I completely agree with this. 

Also, the audience is to blame. Most Christian viewers will not knock a Christian film, it just doesn't happen. If you voice that you dislike the film, that makes you unChristian. There is no demand for quality, only a Christian message or theme.


----------



## Death Persuades (Feb 17, 2012)

It's funny in the very low budget ones where there is a pause in between what each person says and they stare at the camera and say everything in a way that you can tell it's just memorized. Too bad secular movies have way better acting :/


I like some christian music, though.

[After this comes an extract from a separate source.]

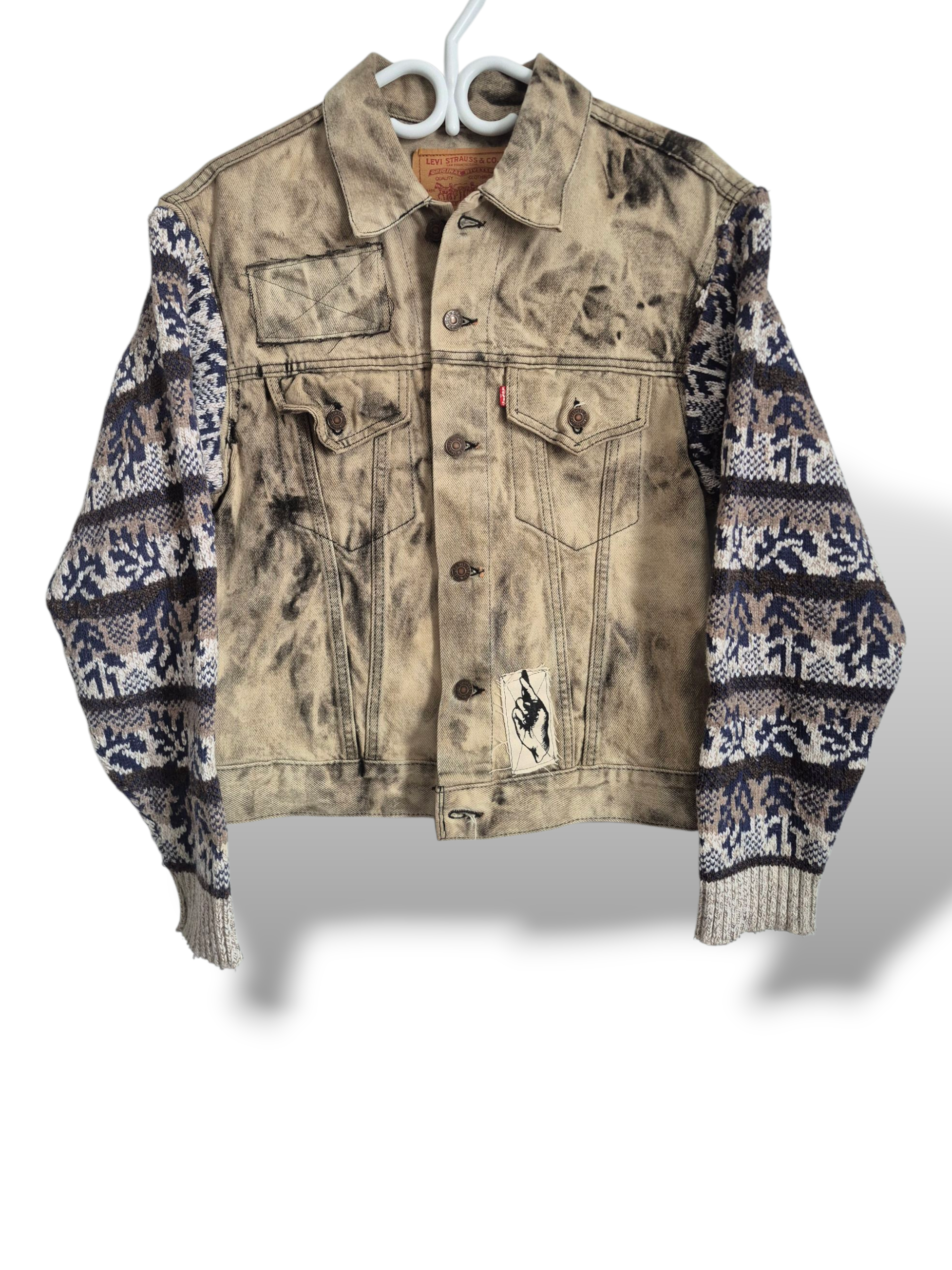 Reworked vintage Levi's denim trucker jacket with a deep acid wash giving it a dark cream color & matching beige & blue warm wool knit sleeves.

Living Sacrifice, Demon Hunter, Flyleaf, etc.


----------



## stephiphi (Mar 30, 2012)

This is an amazing read: http://gungormusic.com/2012/12/christian-pizza/


----------



## Falling Leaves (Aug 18, 2011)

I watched a Christian film a few weeks ago called 'Fireproof'. It certainly wasn't a good movie by any means of the imagination, but it was pretty interesting in the ideas it tried to purvey.


...of course, it helps that the whole Christian dogma only played a minor role in the plot, acting as food for thought rather than trying to force it down the watcher's throats.


----------



## Chascoda (Jul 12, 2012)

Arbite said:


> Am I the only one that listens to the analogies to God and Jesus in Christian rock and finds them ludicrously ****-erotic and weirdly arousing?


You get turned on by God?

To answer your question...yes.


----------



## Aislinn (Jan 21, 2013)

Blue Like Jazz was actually a really cool one, but other than that I'd have to be with you. You can be Christian, and you can be an artist, you can even create art with Christian influences and be very respected for this (for example Sufjan Steven, Sinead O'Connor, Bob Dylan, or Leanord Cohen) but as soon as people use Christian as a marketing label things go down hill. When it's a label people use it as a defense or excuse for lack of quality.


----------